Several types of amplifiers can potentially be considered for the booster stage. Two PIAs are shown in Fig. 1, one for the signal and one for the idler. This is one possibility, which could for example be implemented by means of a C-band EDFA and an L-band one. On the other hand, the two PIAs could also be replaced by a single PIA, which should have a large enough bandwidth to simultaneously amplify signals and idlers. The PIAs could in principle also be implemented by means of SOAs, discrete Raman amplifiers, etc. These amplifiers have their own advantage and disadvantages, which will have to be considered. At this time it appears that using EDFAs for feasibility demonstrations is a logical choice. Of course there are some tradeoffs involved with the use of this architecture. In particular, the large bandwidth and flexible spectral region aspects of fiber OPAs are now limited by the characteristics of the PIA.
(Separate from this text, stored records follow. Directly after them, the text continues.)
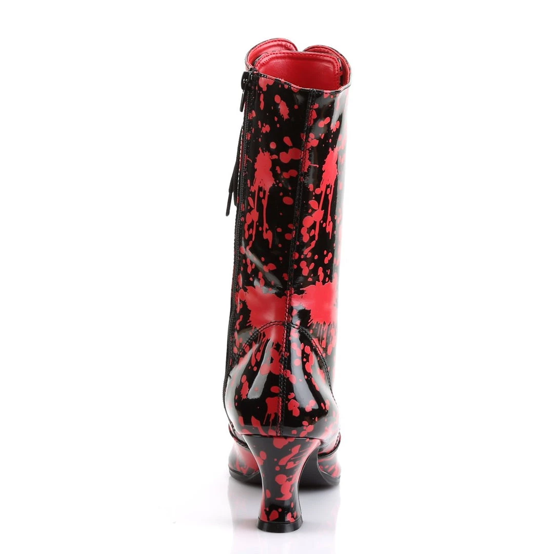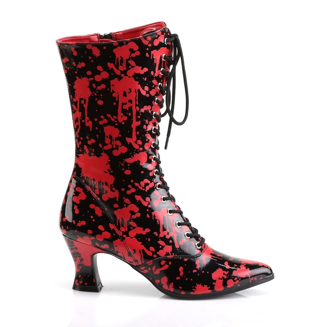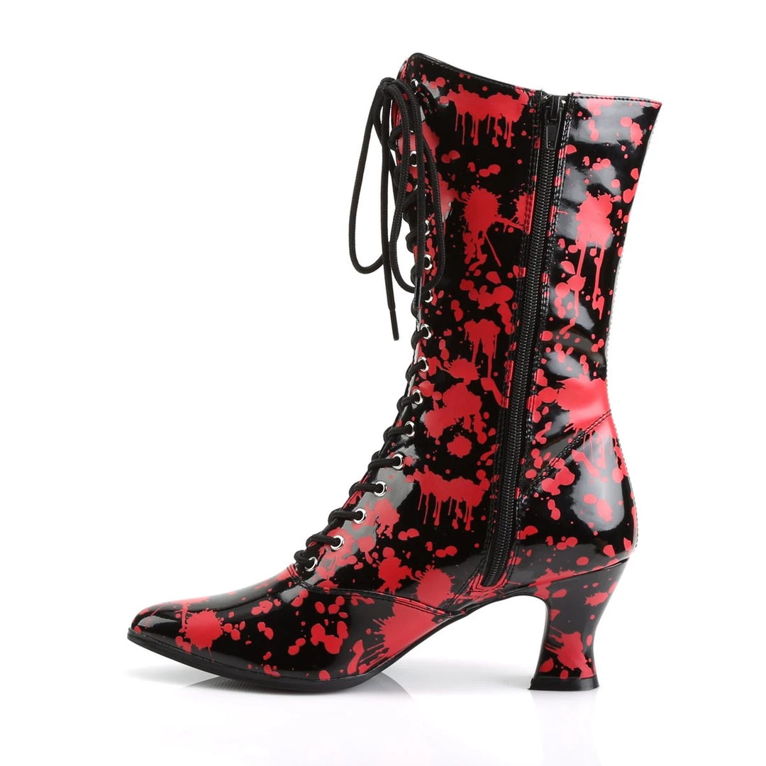 This Mid Calf boot features 2 3/4″(7.0cm) Heel Front Lace Up,Bloody Print Overlay, Full-Length Inside Zip Closure.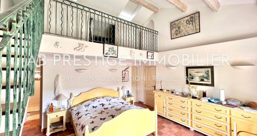 A l'étage, une spacieuse mezzanine, une chambre de maître avec sa salle de bains, douches et WC, deux chambres, salle d'eau, WC, un dressing et un studio sous pente attenant.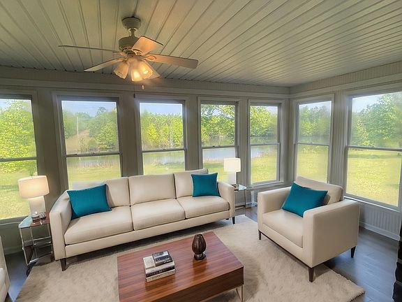 Welcome to your private sanctuary by the lake! This three bedroom, two bath brick home is nestled on a picturesque 64 acre lot with a serene 2+ acre lake. Spacious and light filled living area with a sunroom that has breathtaking water views. Open concept main area with kitchen with new granite counters and ample cabinet space. Split bedroom plan and separate laundry room. Endless possibilities for outdoor activities and relaxation. Enjoy fishing in the private lake, hiking through the wooded acres, or simply unwinding on the porch as you take in the natural beauty that surrounds you. Home has new LVP flooring and all new interior paint. Large unfinished basement with a separate room that could be finished as a bedroom. Also includes a built in safe. Schedule a showing today and experience the magic of lakeside living. Note: Some photos have been virtually staged.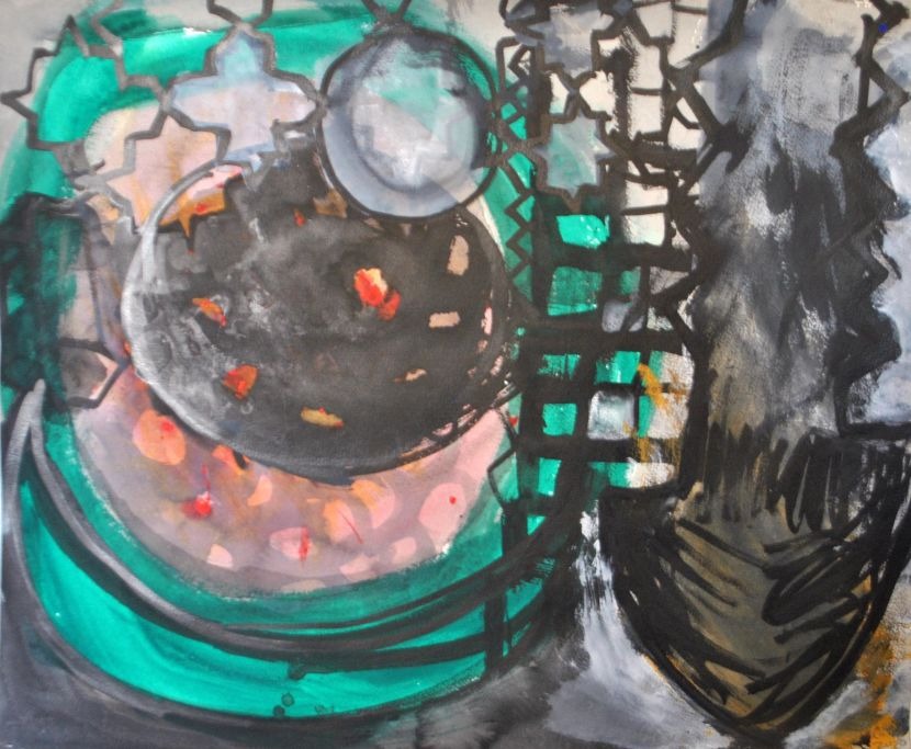 Kühl, Lena (1950 -) Denmark: Composition. Signed 2020. Ink / watercolor on paper. 46 x 56 cm. Unframed.
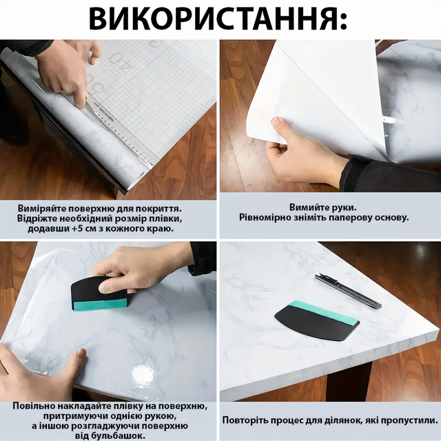 - Универсальное применение: Пленка подходит для использования на любых гладких, чистых и сухих поверхностях, таких как шкафы, столешницы, полки, столы, двери и другие. Она идеально подходит для обновления мебели и интерьера;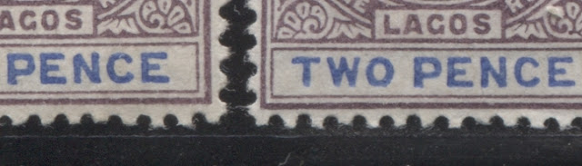It would appear that the duty plates used to print the 2.5d value were the same as those used to print the previous Queen Victoria stamp, because the same size type differences that we saw there occur on this stamp. Only this time, the differences are, in my opinion, easier to see on this stamp, than they were on the earlier issue.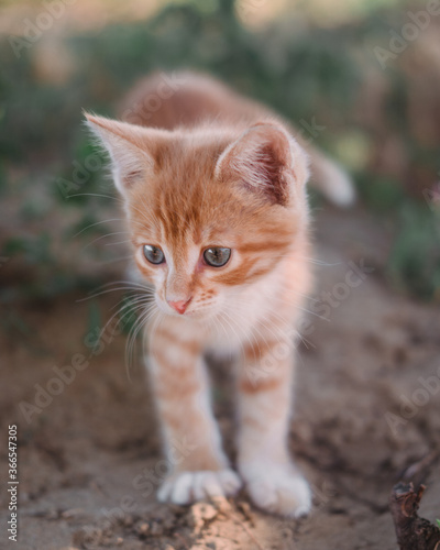 A small red kitten with big blue eyes. A kitten walks on the grass in the Park. Kitten in nature. Baby, boy cat.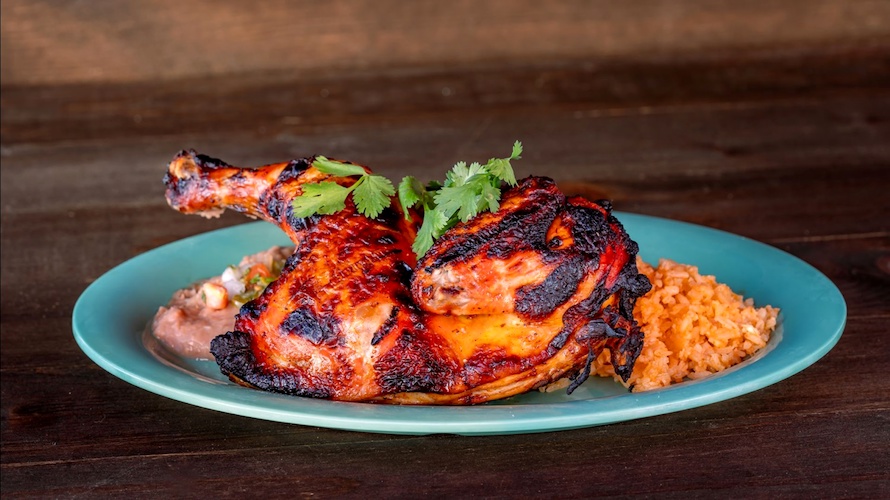 - Achiote Half Chicken: Roasted achiote-marinated chicken served with Spanish rice, refried beans, and nopal salad (New)

In this paper we have investigated the quantum mechanical NF of two amplifying structures, assuming that all the elements used had ideal characteristics. However, in practice all these elements will in fact be non-ideal, and exhibit a variety of features which will limit their performance. This in turn will lead to practically achievable NFs which will be larger than those predicted here. Among the issues that will need to be examined for practical systems are: the spontaneous emission factor nsp of EDFAs; the losses introduced by the pump regeneration requirements of PSAs; phase stability and cost when using two serarate EDFAs,
We note that PSA-EDFA combinations have been used in experiments [6,23]. The motivation for using the EDFAs was not for reducing nonlinear effects, but for boosting the PSA gain which was kept low (to avoid pump PM). However, the fact that good overall performance was obtained by these combinations is consistent with their ability to retain a low NF, theoretically investigated here.
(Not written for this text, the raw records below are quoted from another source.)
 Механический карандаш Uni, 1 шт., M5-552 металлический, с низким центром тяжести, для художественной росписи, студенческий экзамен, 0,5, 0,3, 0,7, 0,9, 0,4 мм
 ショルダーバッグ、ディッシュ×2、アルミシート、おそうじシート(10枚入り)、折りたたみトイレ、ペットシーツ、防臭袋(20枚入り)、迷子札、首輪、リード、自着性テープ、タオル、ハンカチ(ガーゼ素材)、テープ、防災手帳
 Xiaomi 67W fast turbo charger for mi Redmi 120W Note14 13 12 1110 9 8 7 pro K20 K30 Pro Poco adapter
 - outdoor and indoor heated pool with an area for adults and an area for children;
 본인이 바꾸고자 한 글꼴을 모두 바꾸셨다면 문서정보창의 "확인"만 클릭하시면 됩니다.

In summary, we have shown that the combination of a fiber PSA or WC front-end followed by a PIA booster can in principle exhibit a quantum-limited noise figure which is almost as low as that of the front end with the same overall gain. In both cases it is found that the NF expressions obtained conform to Friis’ formula for cascaded amplifiers. The PIA can be designed to exhibit reduced levels of detrimental FWM which are otherwise generated near the output end of a fiber OPA. This new architecture can provide tens of decibels of reduction of these FWM effects, which should considerably improve the performance of such amplifiers in broadband optical communication systems, including WDM systems.
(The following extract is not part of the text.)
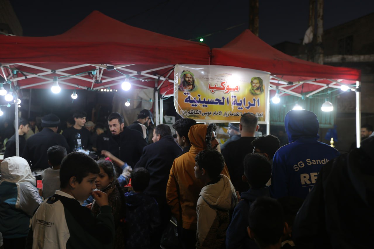 ويستمر "ابو رضا" بسرد حكايتهم مع الخدمة واقامة الشعائر قائلا ان" بيوتنا تتحول الى بيوت عزاء في مناسبات استشهاد الائمة الاطهار (عليهم السلام)، وترى السواد يغطي البيوت والمحاضرات ومجالس اللطم تنعى الائمة الاطهار، ونبدأ خدمتنا في كربلاء المقدسة حيث نمتلك حسينية هناك من يوم (18) صفر الى ان ينتهي العزاء بالكامل، اما في الكاظمية المقدسة التي نمتلك فيها حسينية خاصة للرجال واخرى للنساء ايضا في داخل الزقاق ونقدم خدمتنا في الشارع العام قرب ساحة الزهراء فجئنا منذ (5) سنوات لتقديم الخدمة واقامة العزاء المحافل القرآنية والمحاضرات الدينية ونقدم خدمتنا في الكاظمية حوالي (6 ــ 7) ايام حسب حركة الزائرين، وكذلك في ذكرى استشهاد الامام محمـد الجواد (عليه السلام)، ونقدم يوميا للفطور كباب اللحم المشوي او الاجبان بانواعها او "قيمر العرب"، ونقدم وجبة خفيفة مثل الباقلاء او اللبلبي كون الزائر يحتاجها لتدفئة الجسم بين الافطار والغداء، وفي وجبة الغداء نقدم اما تشريب اللحم او التمن والمرق او الكباب المشوي، وفي العشاء نقدم الدجاج المشوي والشاورما، وفي آخر يومين حيث تكون ذروة الزيارة ويصبح الحضور مليوني نستمر بتقديم الوجبات على مدار اليوم دون انقطاع، ونطعم خلال ايام الخدمة مئات الالاف من الزائرين، ويقدم الخدمة في الموكب بين (25 ــ 30) خادم دون كلل او ملل، كما نفسح المجال الى بعض المعارف والاقارب والاصدقاء بالمشاركة بتقديم الخدمة، وكذلك بعض الاشخاص الذين يريدون نيل الاجر والثواب او من لديهم حاجة يريدون تسهيلها من الله بشفاعة صاحب الذكرى".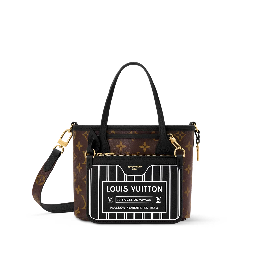 Neverfull Bandoulière Inside Out BB 手袋本季演绎经典设计的双面版本,以标志性 Monogram 帆布和粒面皮革分饰正反面。可拆卸拉链袋既可单独使用,亦可悬挂于外部。可拆卸肩带方便斜挎,耀目金属件再添考究细节。

The overall conclusion is that hybrid fiber OPA-nonfiber OPA combinations should be considered whenever it is desired to exploit the key features of fiber OPAs (low NF amplification, or wavelength conversion) in broadband communication systems. Such hybrid combinations could be used at the transmitter and/or inline in such systems. The gain of the fiber OPA front end should be sufficient to provide good overall noise performance, but not so large as to generate strong nonlinear crosstalk. These two constraints will guide the design of such combinations.
This work was supported in part by Huawei Technologies, Shenzhen, China, and by grant EP/J009709/1 from the UK’s EPSRC. Thanks are due to S. Radic for reading and commenting on the manuscript.